After attending the past three years, I've switched to volunteering for this year and likely the following years.

I'll be working the Support Your Local Brewers Pavilion and the Brewers Studio throughout the weekend.


----------



## RyanMac (Jul 31, 2011)

akneipp said:


> After attending the past three years, I've switched to volunteering for this year and likely the following years.
> 
> I'll be working the Support Your Local Brewers Pavilion and the Brewers Studio throughout the weekend.


That's awesome man. Love to see folks supporting craft beer. It's not very big here in Texas, but the movement is starting to gain some steam!


----------



## enigma (May 23, 2011)

wahoofever said:


> Ohh man, you are breaking my heart. Those are the best! I love unflavored err un-fruited lambics. Horse blanket nose! Those beers rock.
> 
> I meant to go years ago. They used to have an audio festival (RMAF) on the same weekend at a hotel across the street from GABF, so I could have went to both in the same weekend.
> 
> Those days are over now but enjoy your time. I made it to the second year of Savor in DC and had fun. Going to go to Munich and check out Oktoberfest one of these years. We have a place to stay there so we just have to make it happen.
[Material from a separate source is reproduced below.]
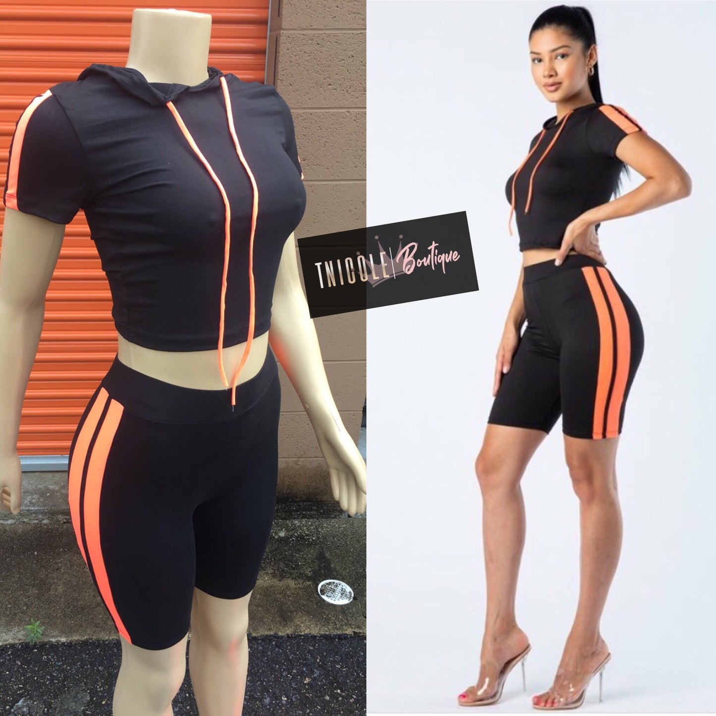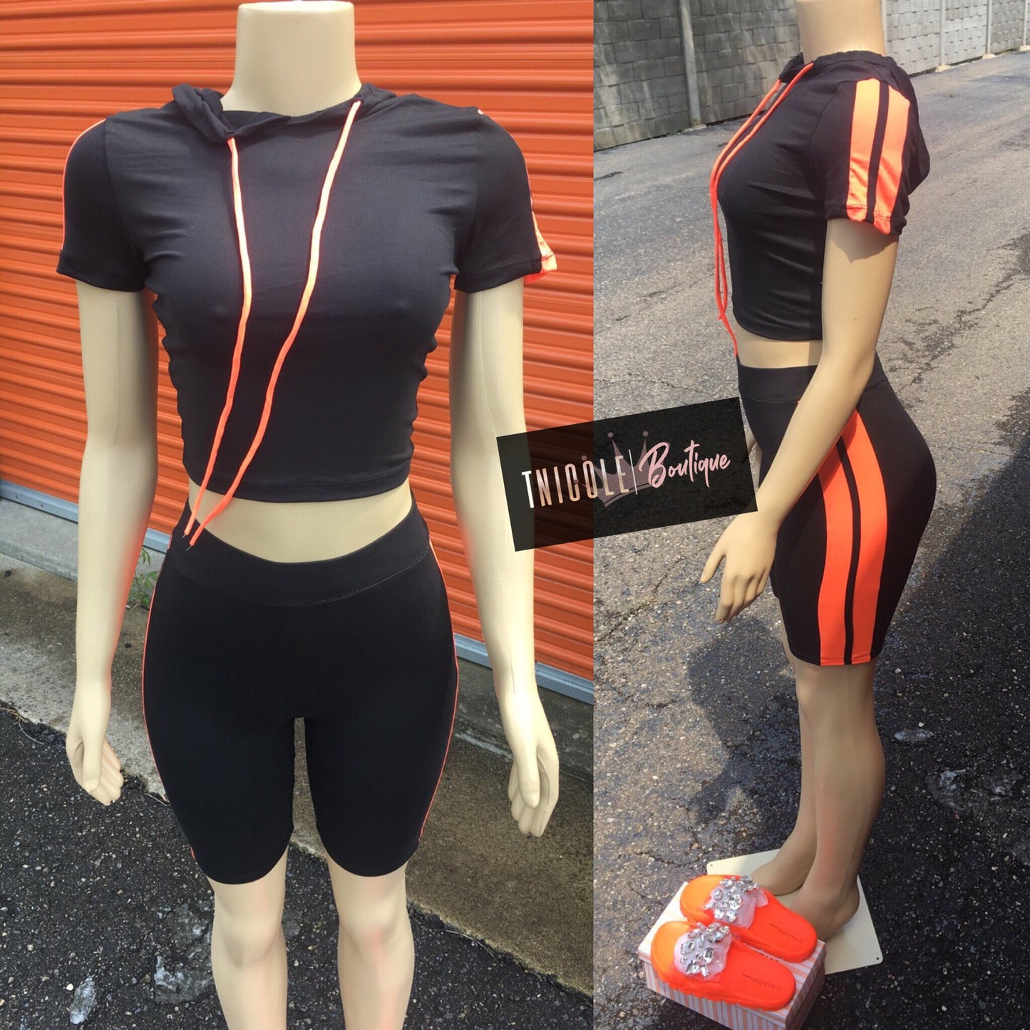Ensemble haut court à capuche et short de motard mignon et sportif. Associez-le aux claquettes Neon Orange Glam Rhinestone pour un look éclairé !

What did you think of the Dogfish Head x Sam Adams collaboration last year from Savor?


----------



## wahoofever (Jul 5, 2011)

enigma said:


> What did you think of the Dogfish Head x Sam Adams collaboration last year from Savor?


I went the year before that so 2009.

I'm not much for Sam Adams house profile so I don't buy any of their offerings. I loved them 15+ years ago when they were one of the only options out there but these days there are just so many other choices.

The only collaborations that I have been buying once in awhile are the Stone series.


----------



## RyanMac (Jul 31, 2011)

wahoofever said:


> I went the year before that so 2009.
> 
> I'm not much for Sam Adams house profile so I don't buy any of their offerings. I loved them 15+ years ago when they were one of the only options out there but these days there are just so many other choices.
> 
> The only collaborations that I have been buying once in awhile are the Stone series.


Sierra Nevada's 30th Anniversary series brews are really really good! That helles bock does it for me.


----------



## chef-zorba (Aug 5, 2011)

wahoofever said:


> I went the year before that so 2009.
> 
> I'm not much for Sam Adams house profile so I don't buy any of their offerings. I loved them 15+ years ago when they were one of the only options out there but these days there are just so many other choices.
> 
> The only collaborations that I have been buying once in awhile are the Stone series.


Like Christmas Ale and Dortmunder...am I right??


----------



## szyzk (Nov 27, 2010)

I've always wanted to go. Have a good time to make up for me never getting to go!



wahoofever said:


> Ohh man, you are breaking my heart. Those are the best! I love unflavored err un-fruited lambics.


Bier Markt in Cleveland, baby!


----------